James Quandt, Senior Programmer at TIFF Cinematheque in Toronto, is the editor of Apichatpong Weerasethakul (Austrian Film Museum, 2009) and Robert Bresson (Revised) (Indiana University Press, 2012).


1
LUC TUYMANS (Palazzo Grassi, Venice) and THE WHITE ALBUM (Arthur Jafa)
Tuymans’s glorious retrospective of paintings dense with references to the cinematic and Jafa’s justly consecrated video in the Arsenale provided the high points of this year’s Venice Biennale.

2
VITALINA VARELA (Pedro Costa)
Darkness visible. Abandoned by her husband’s death, the eponymous Cape Verdean woman, who returns from Costa’s previous film, Horse Money (2014), discovers her spouse’s many deceptions as she sifts through the scant traces of his life in Lisbon.
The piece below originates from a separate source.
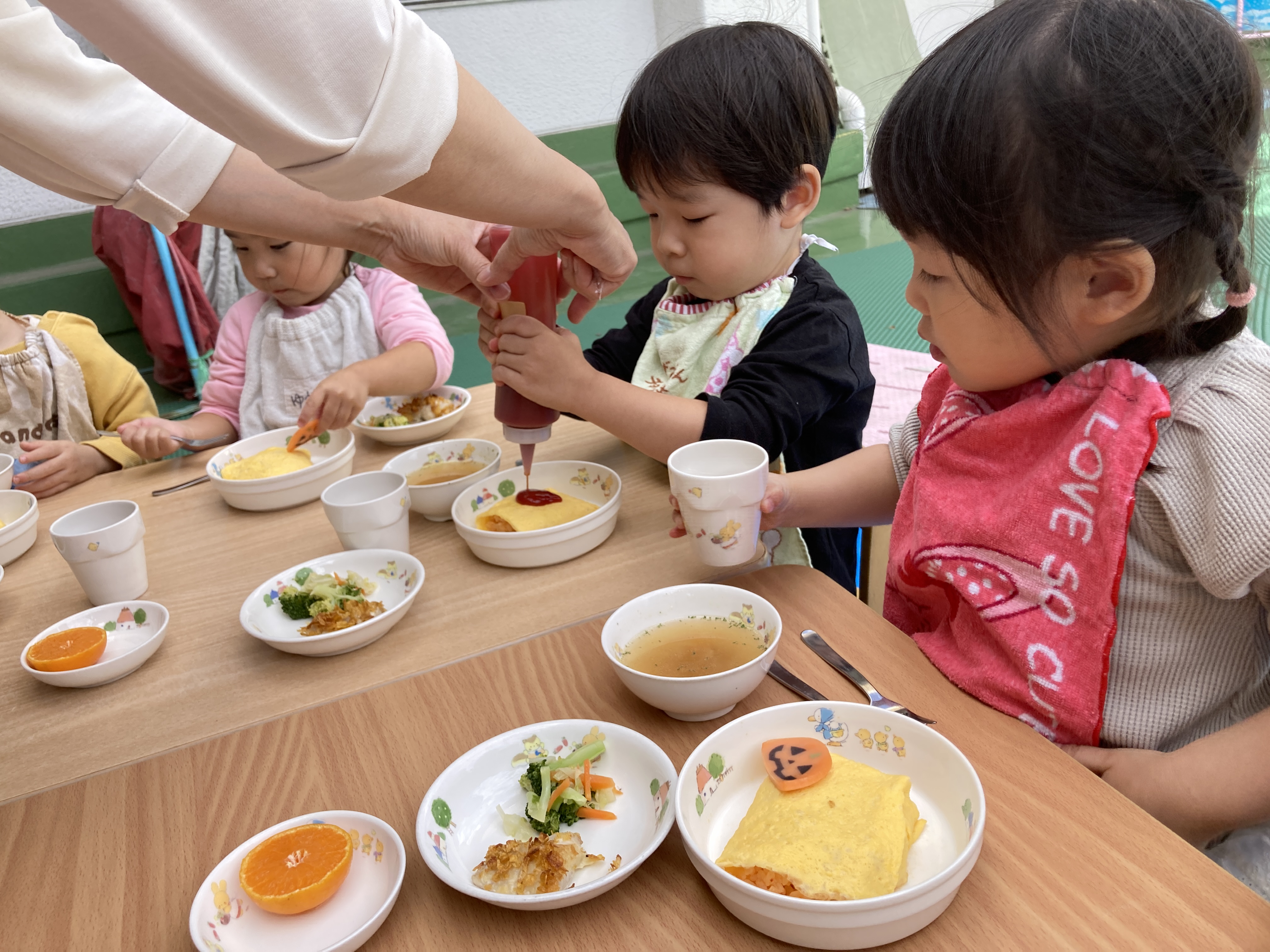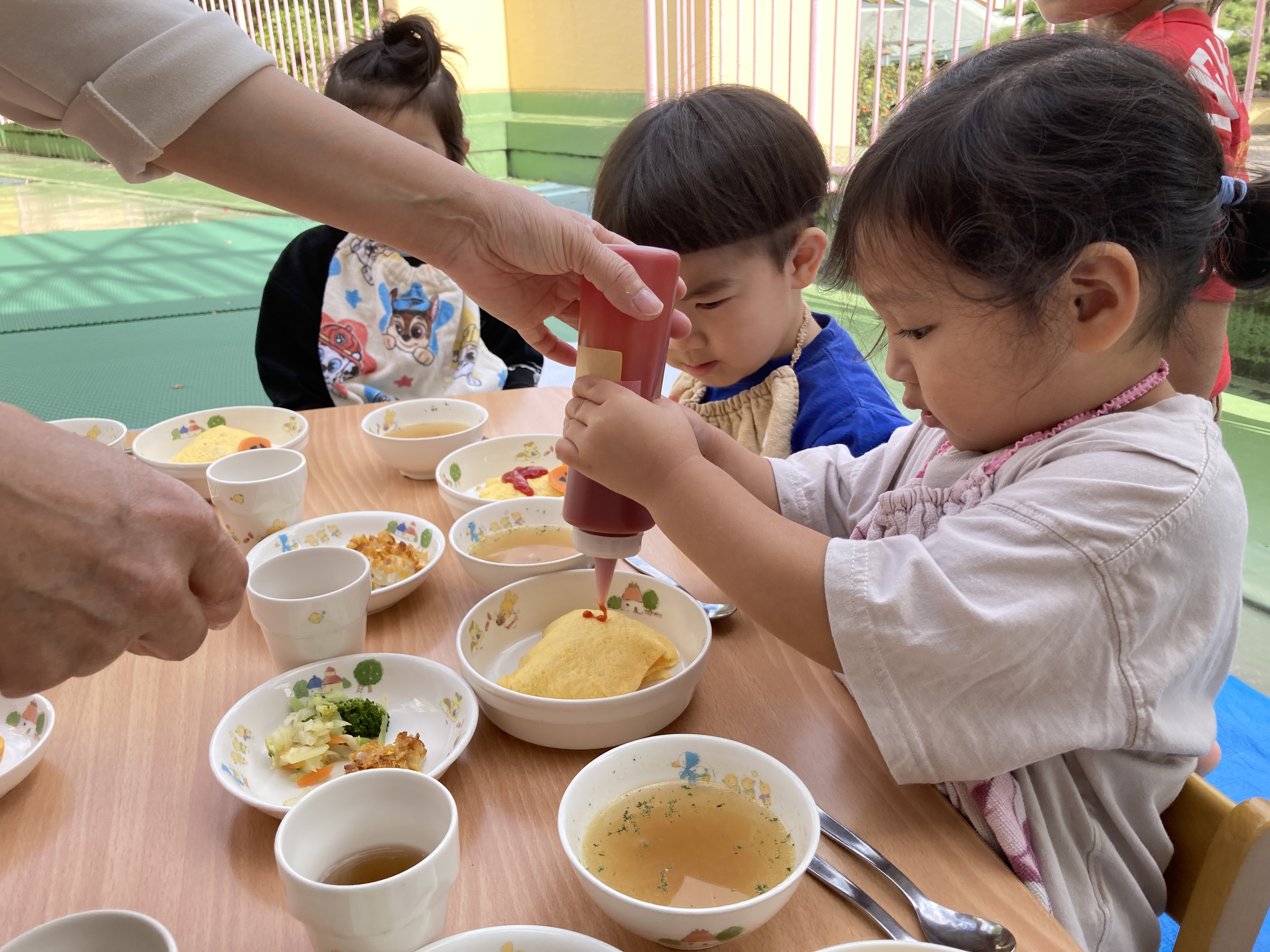 「おーい、おいしいよー」「ケチャップつけるのよ」
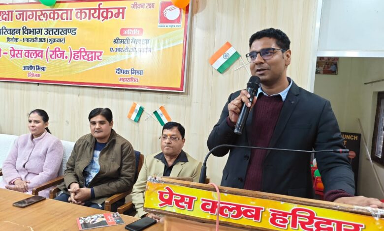हरिद्वार।सड़क दुर्घटनाओं पर प्रभावी अंकुश लगाने और आमजन को यातायात नियमों के प्रति जागरूक करने के उद्देश्य से सड़क सुरक्षा जागरूकता कार्यक्रम के तहत परिवहन विभाग हरिद्वार द्वारा प्रेस क्लब में संगोष्ठी का आयोजन किया गया। कार्यक्रम में परिवहन विभाग के अधिकारी, प्रेस क्लब पदाधिकारी एवं पत्रकार मौजूद रहे। मुख्य अतिथि एआरटीओ प्रशासन निखिल शर्मा तथा विशिष्ट अतिथि एआरटीओ प्रवर्तन नेहा झा ने यातायात नियमों की जानकारी देते हुए दुघर्टनाओं से बचाव के लिए वाहन चलाते समय नियमों का पालन करने, सीट बेल्ट लगाने और दोपहिया वाहन चलाने के दौरान हेलमेट अवश्य लगाने की अपील की और सभागार में मौजूद सभी पत्रकारों को यातायात नियमों का पालन करने की शपथ भी दिलायी। इस दौरान परिवहन विभाग की और से सभी पत्रकारों को हेलमेट भी वितरित किए गए। प्रेस क्लब अध्यक्ष धर्मेंद्र चौधरी, महामंत्री दीपक मिश्रा एवं कार्यक्रम संयोजक आशीष मिश्रा ने सभी अतिथियों का पुष्पगुच्छ भेंट कर स्वागत किया। गोष्ठी का संचालन प्रेस क्लब महामंत्री दीपक मिश्रा ने किया।

The idyllic flashbacks are redundant, but the film, set in the catacombs of memory, achieves a pitch of grief all the more moving for its materialist austerity.
3
BEANPOLE (Kantemir Balagov)
In his intense portrait of two broken young women attempting to rebuild their lives in postwar Russia, Balagov lives up to the promise of his astounding debut, Closeness (2017), and proves that the art of portraying an other requires only intelligence and empathy.

4
State Funeral (Sergei Loznitsa)
It is amazing that Loznitsa assembled and edited his mesmerizing montage of vintage footage of Stalin’s funeral commemorations throughout the Soviet Union solely in black-and-white, because the use of color in his final version is nothing short of staggering.
5
Collective (Alexander Nanau)
This excoriating investigation into corruption in the Romanian medical system has at least two heroes: an obstinate journalist who writes for a sports gazette and an idealistic politician defeated in his crusade against entrenched mendacity.
6
BACURAU (Kleber Mendonça Filho and Juliano Dornelles)
To those who claim that the premise of this anti-Bolsonaro allegory, which thrillingly revives the spirit of Brazil’s Cinema Novo, is too outrageous and implausible: “I read the news today,
oh boy.”

7
HEIMAT IS A SPACE IN TIME (Thomas Heise)
Heise’s poetic epic ingeniously interlaces the history of his family with that of Germany but frustrates in the contest it inadvertently creates between its gorgeous black-and-white images and the copious subtitles necessary for the non-German-speaking viewer.
8
THE INVISIBLE LIFE OF EURÍDICE GUSMÃO (Karim Aïnouz)
Aïnouz’s heady, heartbreaking melodrama, set in midcentury Rio, about two sisters separated by patriarchal shame, had me weeping at ten in the morning.
9
FIRE WILL COME (Oliver Laxe)
And it does. Aside from some musical missteps, Laxe’s sparse, ambiguous character study of a Galician arsonist—whose guilt is one of the film’s many uncertainties—proves as withholding as its reticent protagonist.
10
NANA (Jean Renoir)
The restoration of the year. As Émile Zola’s fated courtesan, Catherine Hessling heads straight OTT and keeps going until one needs a telescope to peruse her impetuous performance.